This is why tools like Typebox exist. In this case you would define the JSON Schema with typebox, and then infer the output type, with no need to pass a generic, for example if the function is defined like this:

  /**
   * @template {import('@sinclair/typebox').TSchema} TSchema
   * @template {"track"|"observation"|"preset"} [TDataType]
   * @param {TDataType} dataType - DataType to pull from
   * @param {TSchema} responseSchema - Schema for the response data
   * @param {(doc: GetMapeoDoc<TDataType>, req: FastifyRequest) => import('@sinclair/typebox').Static<TSchema>} mapDoc - Add / remove fields
   */
  function addDatatypeGetter(dataType, responseSchema, mapDoc) {

Then you can call it without any generic, because it's inferred from the arguments:

addDatatypeGetter('track', Type.Boolean(), () => true) // ok
addDatatypeGetter('track', Type.Boolean(), () => 'hello') // not ok

This doesn't really help us, because we don't have our schema types defined in Typebox, so while we have the JSONSchema and Type for the original objects, we have no way of modifying both the schema and type in an identical way if we are mapping the object.

I'm not sure that a JSON Schema definition for the response is essential. The main thing that we gain with that is faster responses because Fastify uses fast-json-stringify (which uses the JSON Schema definition to create a fast stringify function), however these are not "hot" code paths. The type checking is nice, in that it allows static checking that we are returning what we say we are, but here it's only ensuring that the JSONSchema matches, which we're needing to "force" anyway, and it doesn't really gain us anything. It just means that our tests need to be a bit more thorough to check the return types of each dataType route.

TL;DR on reflection and thinking more about types and the way Fastify uses JSON Schema on routes, I think it's ok to skip type safety on response types, and also ok to not define a JSON Schema for the response (I think schema validation and type checking are much more important on request bodies, URL params, and query strings). I think we can can validate we are returning what we say we are in tests rather than static type checking.

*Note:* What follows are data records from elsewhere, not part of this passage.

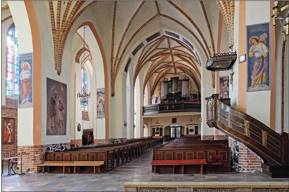
Ryc. 3. Stargard, kościół św. Jana, widok z chóru na korpus.
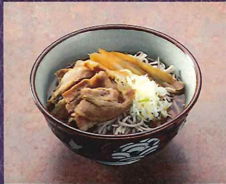
肉そば 950 円 (税込価格)
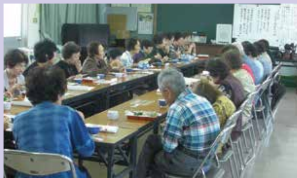
住民のみなさん同士、おしゃべりしながら会食中!! 地域の絆も深まります。
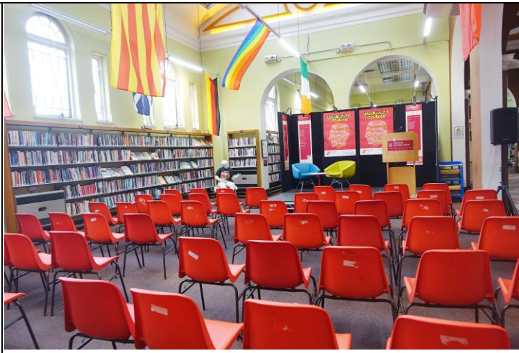
朗讀場所，為半開放式空間，右邊為入館必經之通道
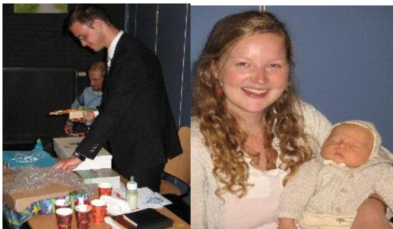
Foto's van de startzondag
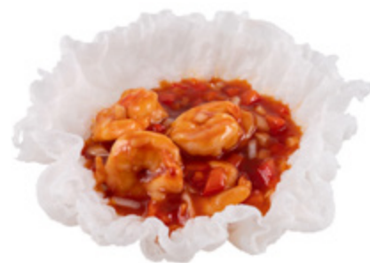
206 · GAMBERETTI THAI € 8,00 🌶️ Gamberetti alla thailandese allergeni: 1-2-3-6
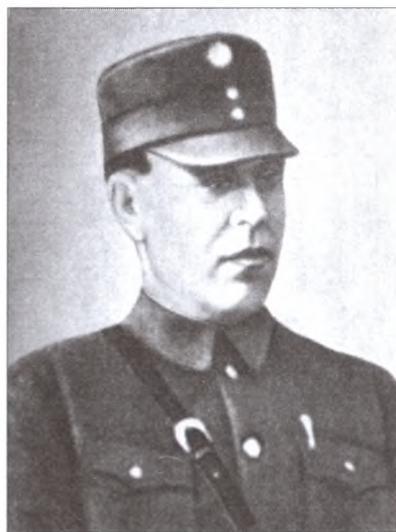
Военный советник, а затем главный военный советник (август 1938 — ноябрь 1939 г.) А.И. Черепанов
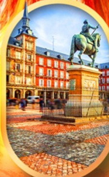
พลาซามายอร์
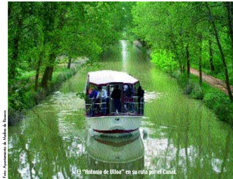
El "Antonio de Ulloa" en su ruta por el Canal.

NAVEGAR POR EL CANAL DE CAMPOS, RAMAL DEL DE CASTILLA Y CONTEMPLAR EL EXTRAORDINARIO ENTORNO QUE LO RODEA SE CONVERTIRÁ EN UNA EXPERIENCIA INOLVIDABLE PARA AQUELLOS QUE VISITEN ESTA LOCALIDAD VALLISOLETANA, POR DONDE ATRAVIESA UN RAMAL DE ESTA MARAVILLOSA OBRA DE INGENIERÍA HIDRÁULICA QUE TAMBIÉN PERMITE LA PRÁCTICA DE NUMEROSAS Y DIVERSAS ACTIVIDADES NÁUTICAS.
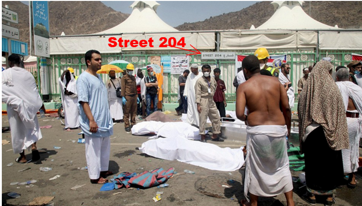
(Die Örtlichkeit der "Massenpanik" mit zugedeckten, noch nicht abtransportierten Leichen, ist unversehrt. Auch ist kein Blut zu sehen.)
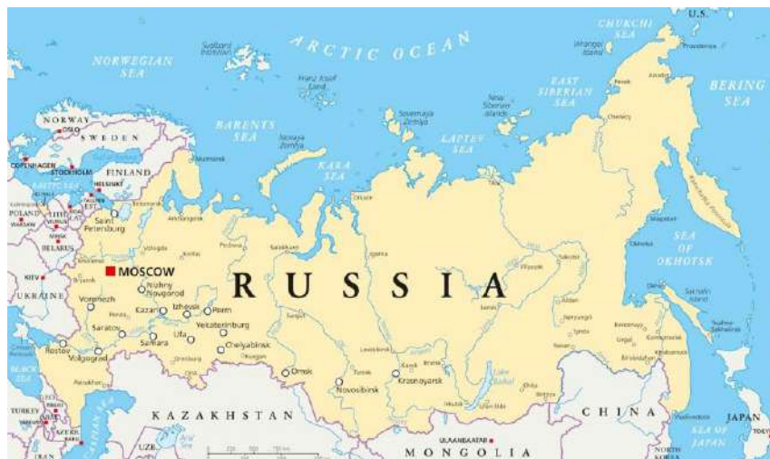
Mapa Federação Russa.

A coleção a ser exposta consiste em selos do período de 1930 a 2014.
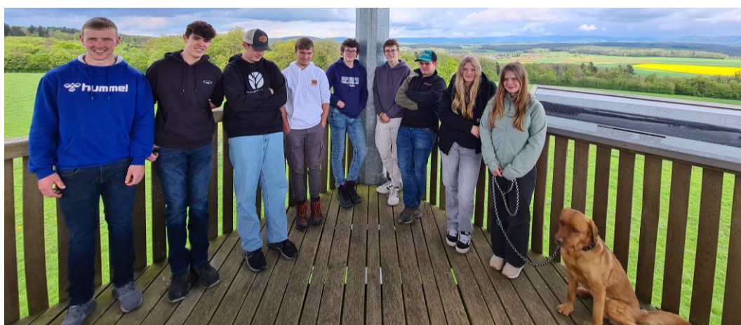
Konfirmandenlager- Gruppenfoto auf dem Renaudturm bei Boncourt JU

Am Samstagmorgen gab es noch eine «Lädele»-Tour durchs St. Ursanner Altstädtchen und anschliessend eine «Escape Room»-Aktion im Ortsbahnhof. Gegen Mittag fuhren wir noch zum Étang de la Gruère hoch in die Freiberge mit Lunch und Seemrundung und schliesslich gings wieder zurück nach Breitenbach.
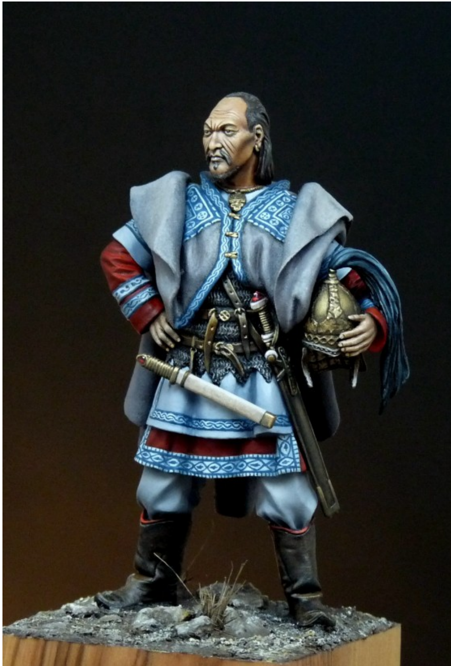
« Cavalier Hun » – Gravure de A Laruccia

Et globalement, quels sont les artistes du monde de la figurine dont tu admires le plus les travaux?
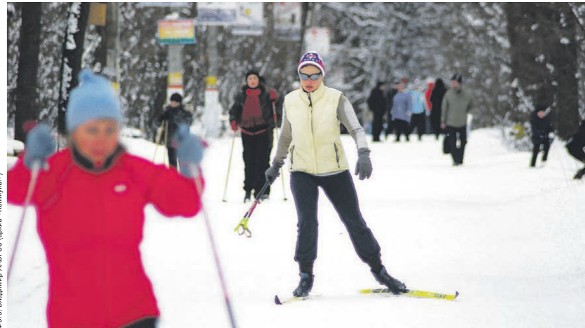
(справа — Кликуны)

Мы обновим, что летом 2022 года губернатор Александр Гусев посетил спортивно-оздоровительный комплекс «Олимпиада» и высказал свои пожелания относительно его обновления. По поручению главы региона были проведены две очереди реконструкции. Первая предполагает создание организованной (а не хаотичной, как сейчас) автостоянки. Так как территория Нагорной дубравы является особо охраняемой зоной, строительство парковки воронежские власти согласовывали в Минприроды. Как сообщил гу-
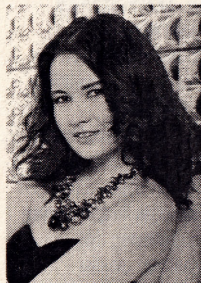
RAFAEL CAVERO Tenor
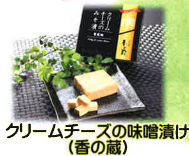
クリームチーズの味噌漬け (香の蔵)
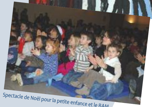
Spectacle de Noël pour la petite enfance et le RAM
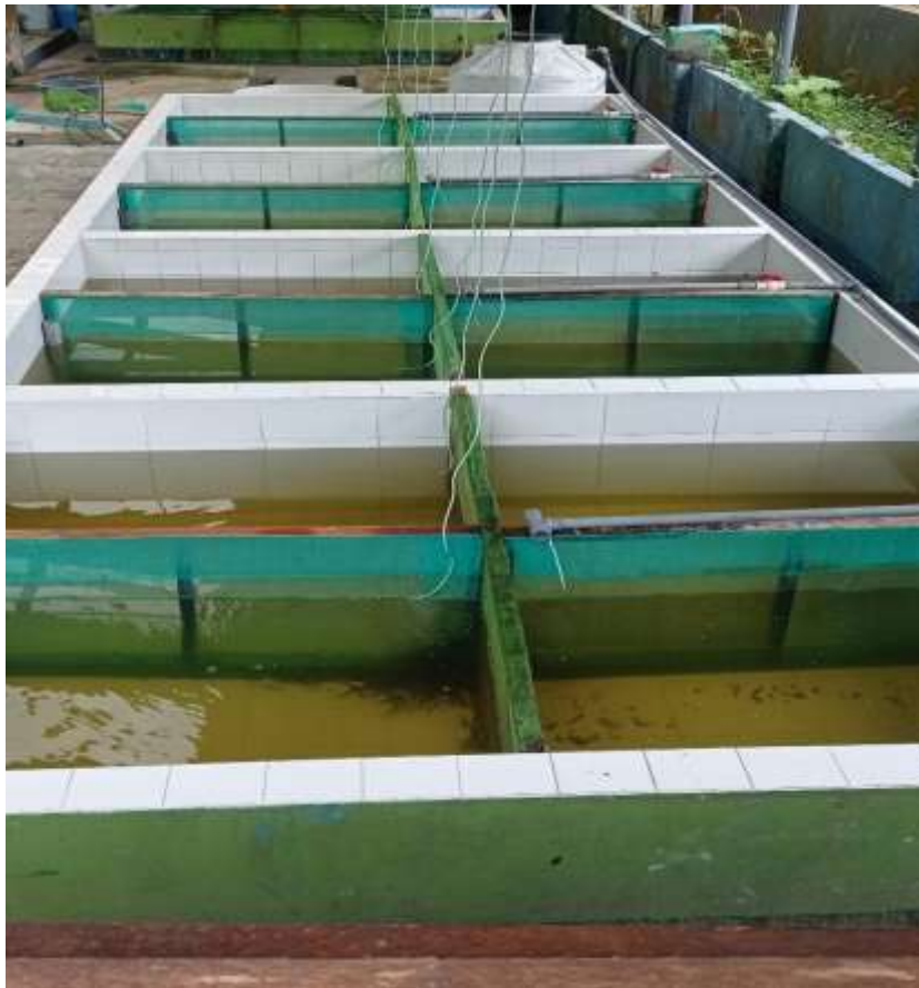
Anexo 6 Unidades experimentales
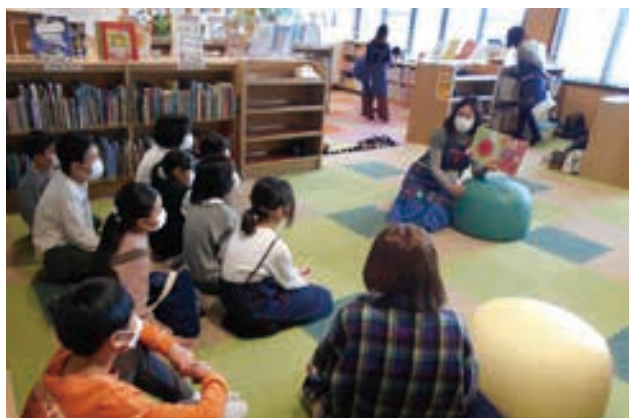
絵本の会「はらっぱ」

※おはなし「たんぼぼ」絵本の会「はらっぱ」で一緒に活動しませんか。興味のある方は、当日会場までお越しください。
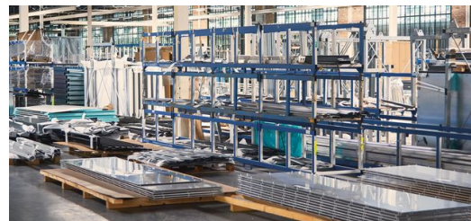
<p>Alles aus einer Hand: Seit 2017 besitzt KFK eine eigene, ca. 360 Meter lange Glasfertigung.</p> – Frederik Dulay-Winkler
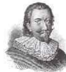
Кристиан IV Датский
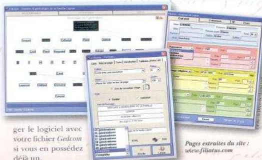
Pages extraites du site : www.filiatus.com

Filiatus est en vente uniquement en téléchargement sur www.filiatus.com . Version d'essai intégrale valable 30 jours, renouvelable une fois. Tarif réduit pour les responsables d'associations, gratuit pour les chômeurs.
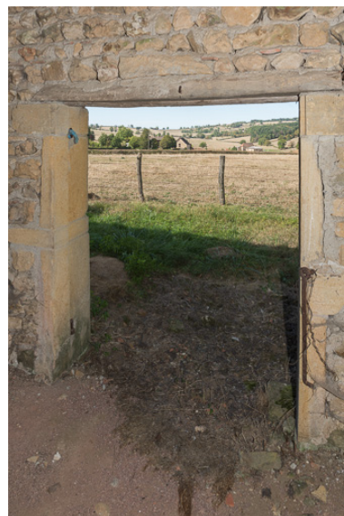
Vue du paysage environnant, depuis l'ouverture au fond du hangar
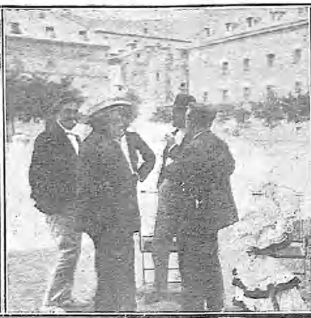
UN GRUPO DE HOMBRES SERIOS
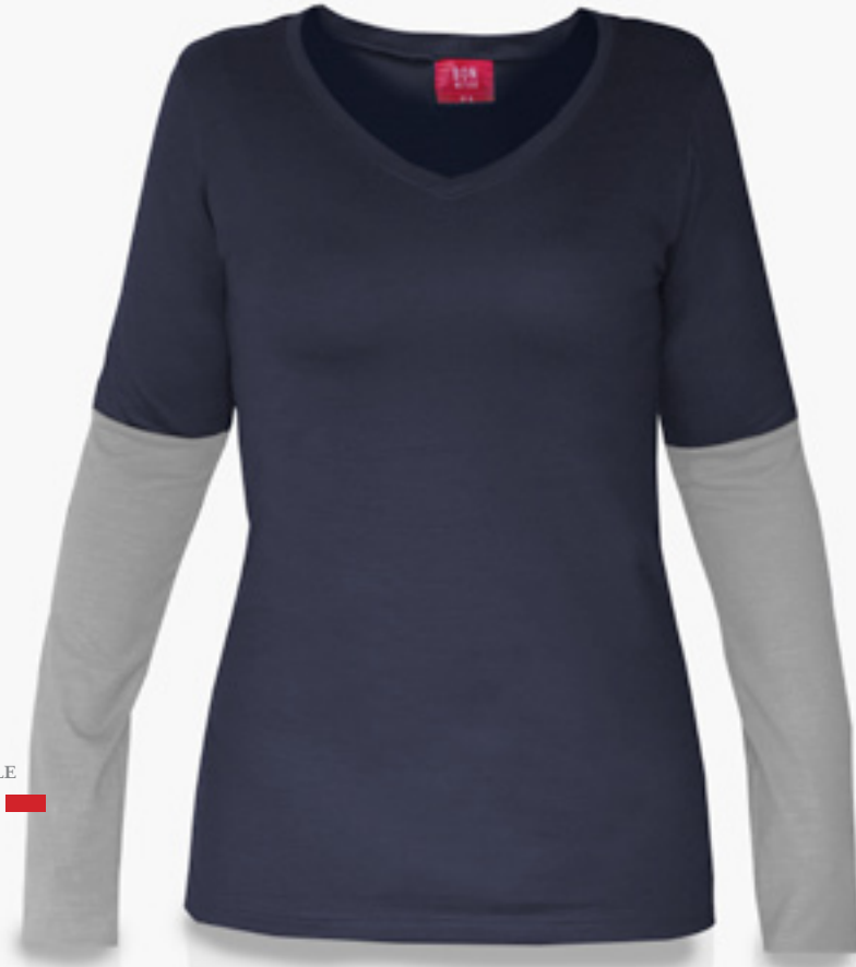
F-VML0708 STYLE MARINE ET GRIS PÂLE STYLE NAVY & LIGHT GREY

COUPE FÉMININE PLUS AJUSTÉE AU CORPS FEMININE FIT CLOSE TO THE BODY

Side-note: I don't think we should pluralize the data type in route. It backs us into a corner when we add a datatype like category (categorys) and it's why we don't use plurals for data types in the API.

[RangerMauve]

Two thoughts:

1. It'd be easy for me to add a build step to the project to generate the typebox declarations. I'm not so sure that the serialization wouldn't be a hot path given Rudo pulls all the data pretty frequenty and the count can only really go up over time.
2. If we get rid of the response json schema, would setting it to type object and allowAdditionalProperties true be enough? I think the type declaration could also skip the schema param and just be addDatatypeGetter('track', (doc) => doc). TBH I'd like to make the mapDoc function optional too. I think I could get it done with the GetMapeoDoc<T> trick?

I'm leaning more towards option 1 right now.

[RangerMauve]

Bleh issue with option1 is it generates TS, not JS. 😅 Might need an extra step to convert it.

[socket-security]

Review the following changes in direct dependencies. Learn more about Socket for GitHub.

Diff	Package	Supply Chain Security	Vulnerability	Quality	Maintenance	License
	schema2typebox@​1.7.8

View full report

[RangerMauve]

Progress:

• generating typebox declarations (with customizations for observation attachments)
• Updated types to infer

Problems:

• schema2typebox is having trouble converting our declaration for tags

[test:typescript] src/datatypes/observation.js(77,9): error TS2322: Type '{ anyOf: ({ type: string; } | { type: string; items: { anyOf: { type: string; }[]; }; })[]; }' is not assignable to type 'TAdditionalProperties'.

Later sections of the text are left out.